Vernon Keenan, former director of the Georgia Bureau of Investigation, recently referenced law enforcement’s challenge accommodating rapid technological advancements. Absent a national regulatory framework, cybersecurity and consumer privacy issues and their associated threats will continue to grow at an accelerating pace.
The terms “cybersecurity” and “privacy” are often used as if they were interchangeable. They are not.
Cybersecurity refers to protecting secure, critical and sensitive data and preventing it from falling into the hands of malicious third parties, be they nation-state actors, business competitors, disgruntled employees or alleged white hat “ethical” researchers. Extensive data breaches, oftentimes facilitated by phishing operations, are now the norm rather than the exception. The Internet of Things, big data, smart applications and cloud computing are all currently operating in an environment mired in regulations, which includes an already complicated security landscape and the recent emergence of activist state attorneys general. A more consistent, uniform regulatory environment—one regulated exclusively by the Federal Trade Commission—is essential.
Privacy generally relates to consumers’ personal information and their ability to fully understand their rights regarding how data about them is collected, used and shared. Such personal information must be well-protected and its uses explained to the consumer in clear and simple language; transparency is paramount. But presently, there is no recognized legal standard on data management, with each state having its own security regime. The Internet Association, a U.S.-based industry trade group based in Washington, D.C., has released policy principles for a federal privacy law to provide consumers the right to assess, correct, delete and download their personal data.

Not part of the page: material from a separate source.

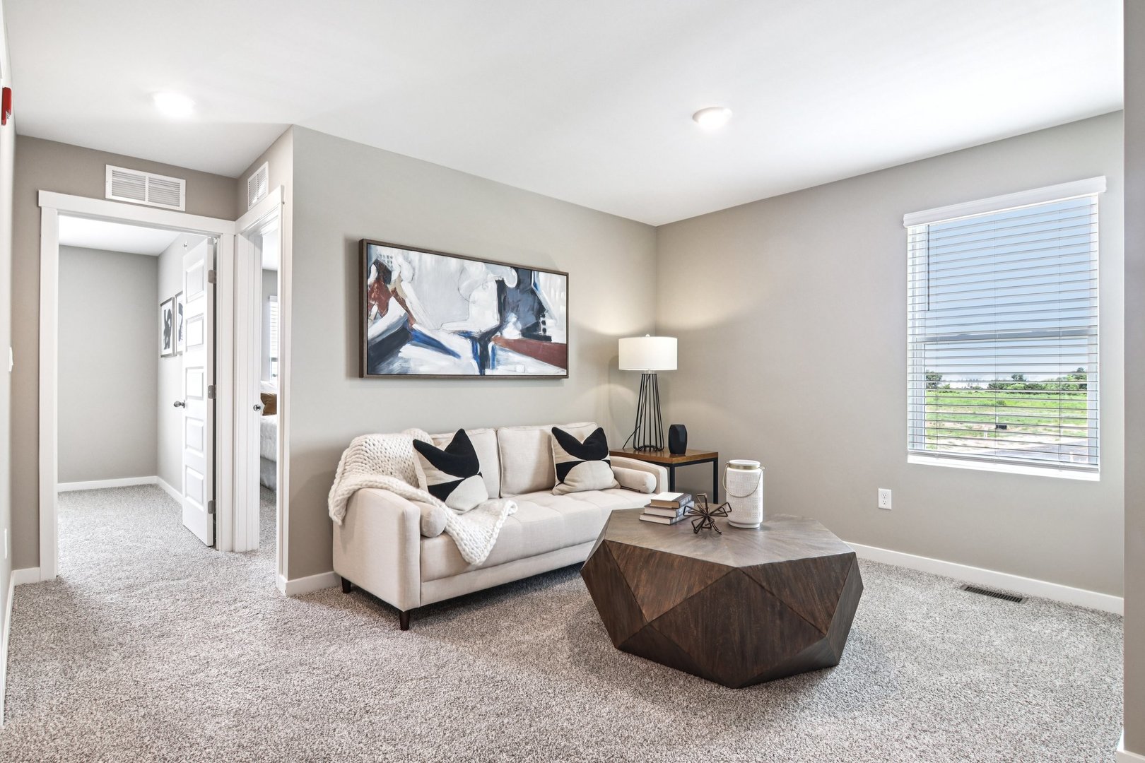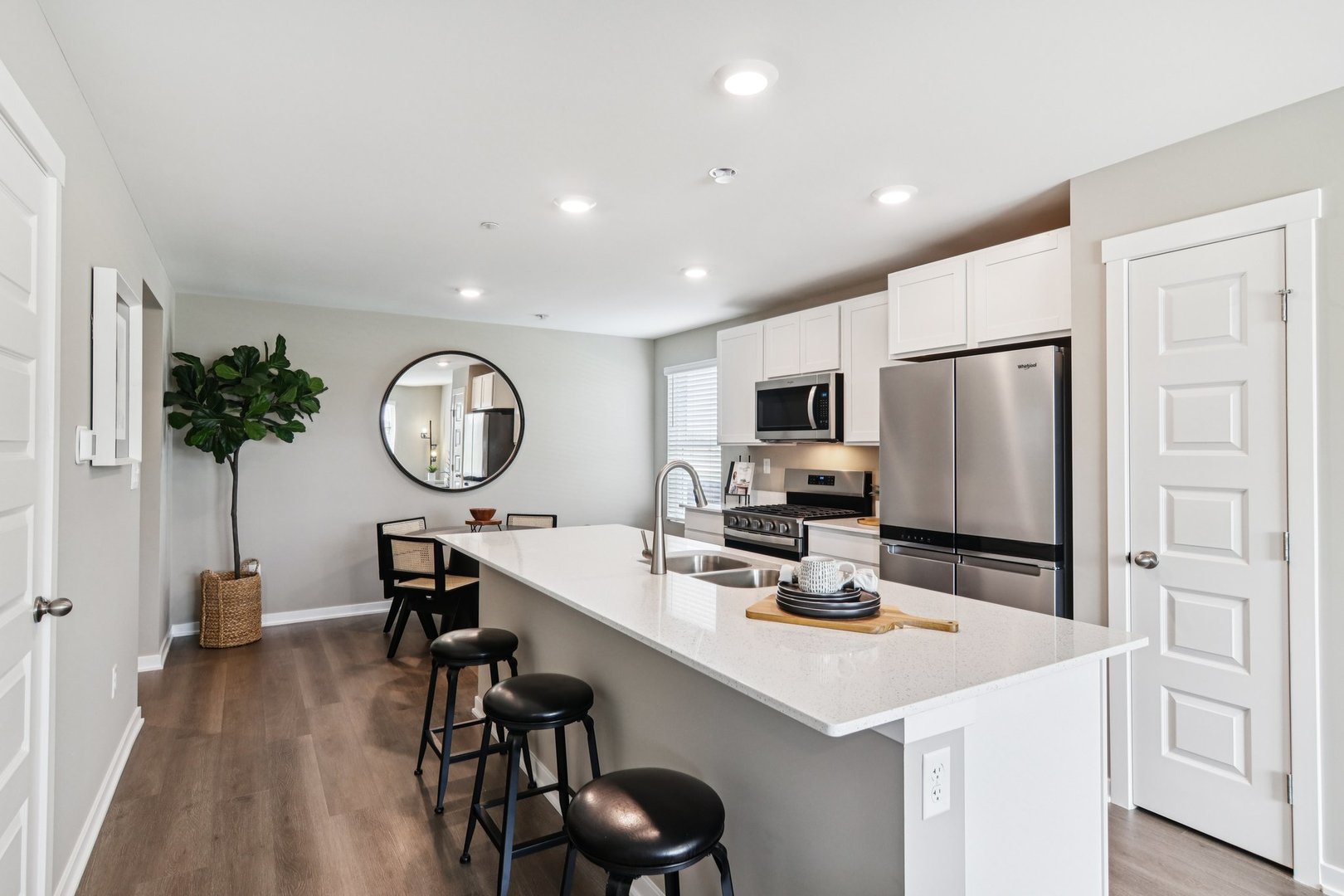 Discover yourself at 2320 Noble Lane, Yorkville, IL, a beautiful new townhome in our Grande Reserve community. This townhome will be ready for SPRING move-in! Homesite includes a fully sodded yard that is maintained throughout the year as well as snow removal in the winter. The Fairfax townhome plan offers over 1,500 square feet of living space with 3 bedrooms plus a loft, 2.5 baths, a mudroom and a 2-car garage. As soon as you step inside you are greeted by an open and airy space featuring 8ft ceilings and loads of natural sunlight. The expansive kitchen is centrally located providing separation between your living and dining room. Additionally, your kitchen features designer 36-inch cabinetry, a spacious island with quartz countertops, and pantry. Heading upstairs you will enjoy your large primary bedroom with a walk-in closet and connecting en suite bathroom. The rest of the upper level features a laundry room, secondary bedrooms with a full second bath, and linen closet. Impressive innovative ERV furnace system and a tankless water heater round out the amazing features this home has to offer! All Chicago homes include our America’s Smart Home Technology, featuring a smart video doorbell, smart Honeywell thermostat, smart door lock, Deako smart light switches and more. Exterior and interior photos are of similar home and model home. Actual home built may vary.

As with any government action, a balanced approach that does not inflict unnecessary and unduly burdensome regulations should be taken with respect to the protection of personal data. Also, while under normal circumstances personal information should not be disclosed to third parties without express consent, federal legislation should consider a small carve-out allowing law enforcement in life-threatening situations to access decrypted data commonly found in smart devices.
Until a national standard has been established, there is the Gold Dome to provide a legislative backstop. A bill modeled after Ohio’s Data Protection Act would be a welcome addition. Ohio’s law encourages companies, through the “carrot” of a good faith defense limiting liability, to create and implement a cybersecurity program modeled after industry-recognized frameworks, such as the National Institute of Standards and Technology Cybersecurity Framework, a policy framework of computer security guidance for how private sector organizations can assess and improve their ability to prevent, detect and respond to cyberattacks.
In other words, the Ohio law does not rely on punitive measures as a means of enforcement. Unlike consumer privacy legislation recently passed in California and Colorado, it explicitly does not set minimum data security standards or impose liability on businesses that fail to maintain cybersecurity programs in compliance with the law, encouraging private lawsuits. Instead, the law seeks the adoption of best practices and encourages institutional cooperation (“voluntary action”) by offering breach litigation safe harbor to covered entities that meet the law’s cybersecurity standards. Enactment of such a law, coupled with a requirement to provide notice of the breach to the state attorney general rather than just affected persons, would be a huge improvement for Georgia residents.
Sam Olens, a counsel at Dentons, was attorney general of Georgia from 2010 to 2016.